Exercise requirements - Although the records contain pictures, none belong in the copy: restate word for word only the lines from the one with "T.27 Electric Car" through the one with "Florence passed 4.4", both included.

Exercise inputs -
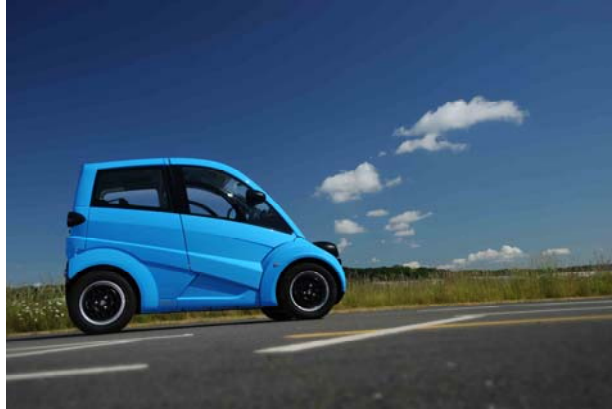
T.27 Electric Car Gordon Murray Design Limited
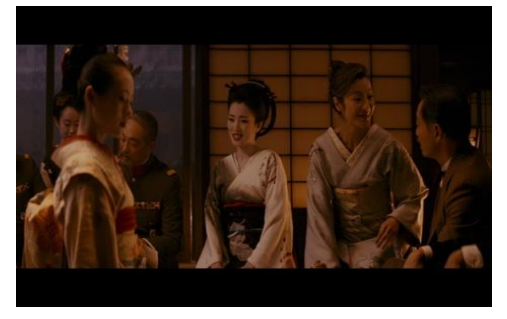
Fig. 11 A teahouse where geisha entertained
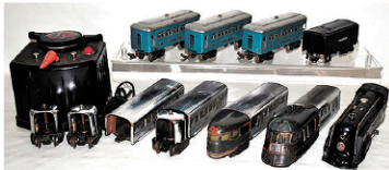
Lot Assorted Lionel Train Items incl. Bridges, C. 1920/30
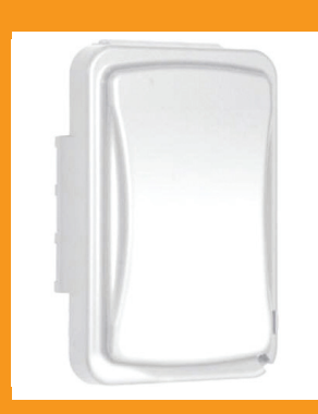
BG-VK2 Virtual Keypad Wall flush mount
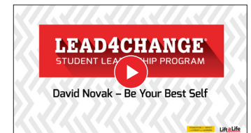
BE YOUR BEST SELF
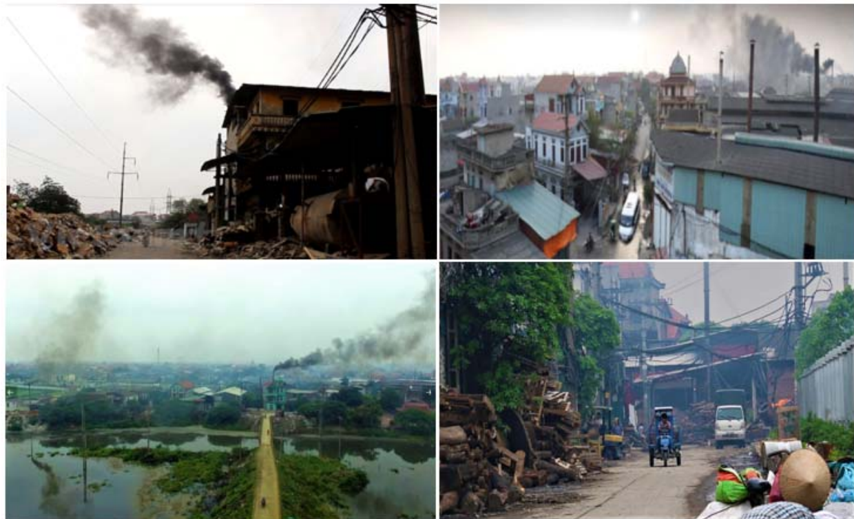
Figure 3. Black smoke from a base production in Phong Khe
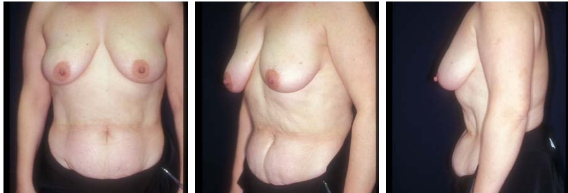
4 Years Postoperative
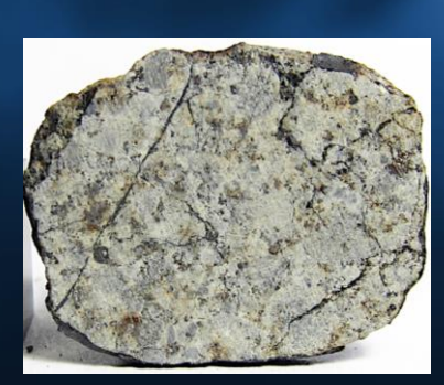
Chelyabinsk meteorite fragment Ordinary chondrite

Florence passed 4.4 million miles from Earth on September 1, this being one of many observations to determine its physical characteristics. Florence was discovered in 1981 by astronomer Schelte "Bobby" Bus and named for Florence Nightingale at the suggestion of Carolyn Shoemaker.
==
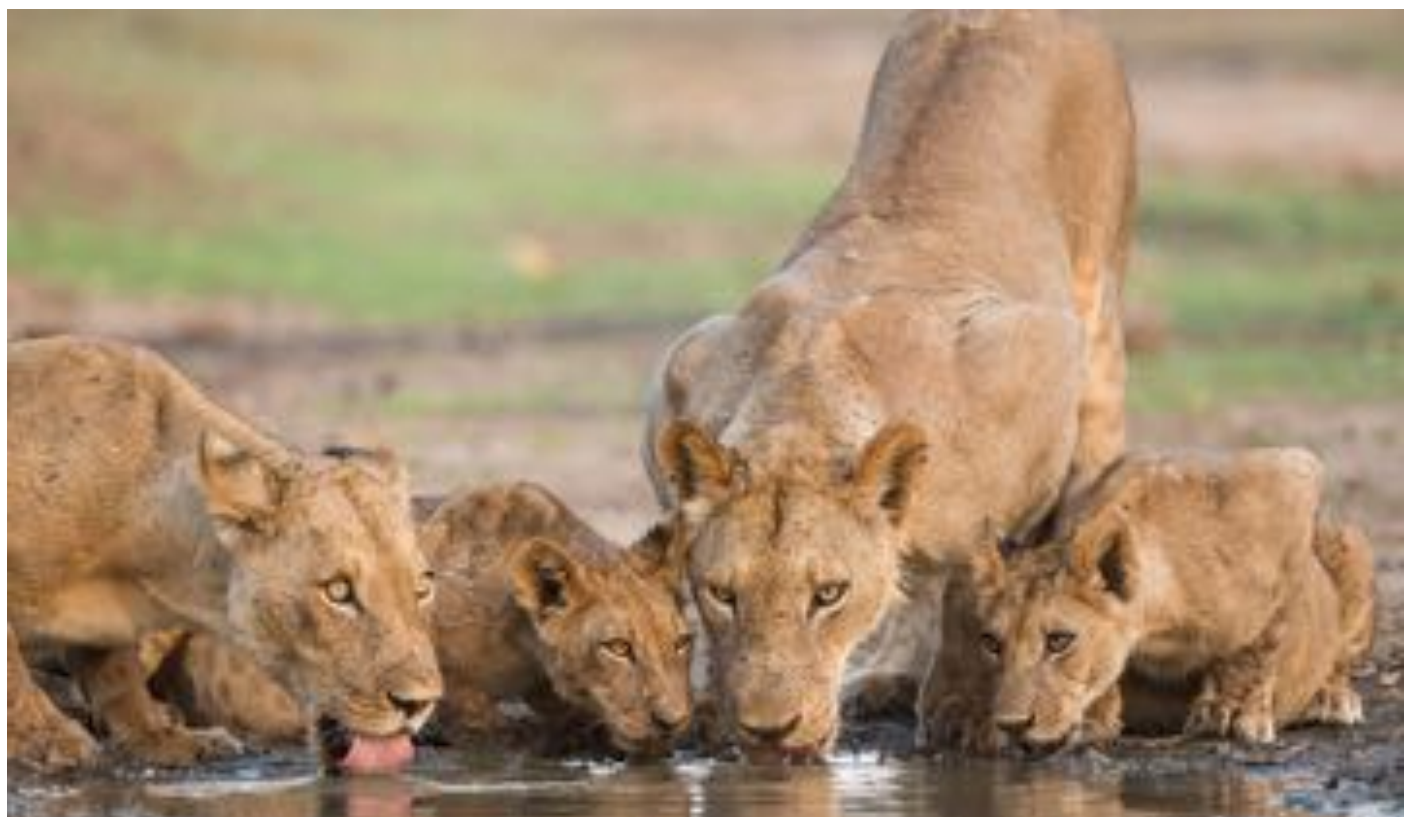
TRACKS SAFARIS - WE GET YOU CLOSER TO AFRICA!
==
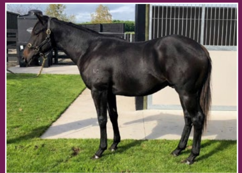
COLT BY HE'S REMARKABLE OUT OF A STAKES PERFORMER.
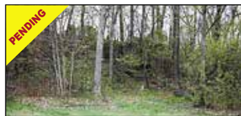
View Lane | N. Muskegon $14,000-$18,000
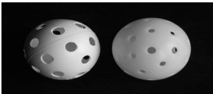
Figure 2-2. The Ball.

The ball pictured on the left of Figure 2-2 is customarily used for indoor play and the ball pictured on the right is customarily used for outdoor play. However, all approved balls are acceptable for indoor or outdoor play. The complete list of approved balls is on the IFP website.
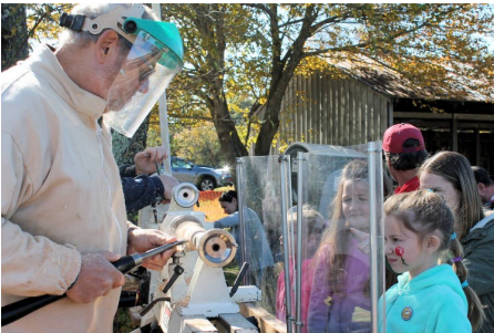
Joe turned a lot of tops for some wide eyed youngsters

Task solution -
T.27 Electric Car Gordon Murray Design Limited
Fig. 11 A teahouse where geisha entertained
Lot Assorted Lionel Train Items incl. Bridges, C. 1920/30
BG-VK2 Virtual Keypad Wall flush mount
BE YOUR BEST SELF
Figure 3. Black smoke from a base production in Phong Khe
4 Years Postoperative
Chelyabinsk meteorite fragment Ordinary chondrite

Florence passed 4.4 million miles from Earth on September 1, this being one of many observations to determine its physical characteristics. Florence was discovered in 1981 by astronomer Schelte "Bobby" Bus and named for Florence Nightingale at the suggestion of Carolyn Shoemaker.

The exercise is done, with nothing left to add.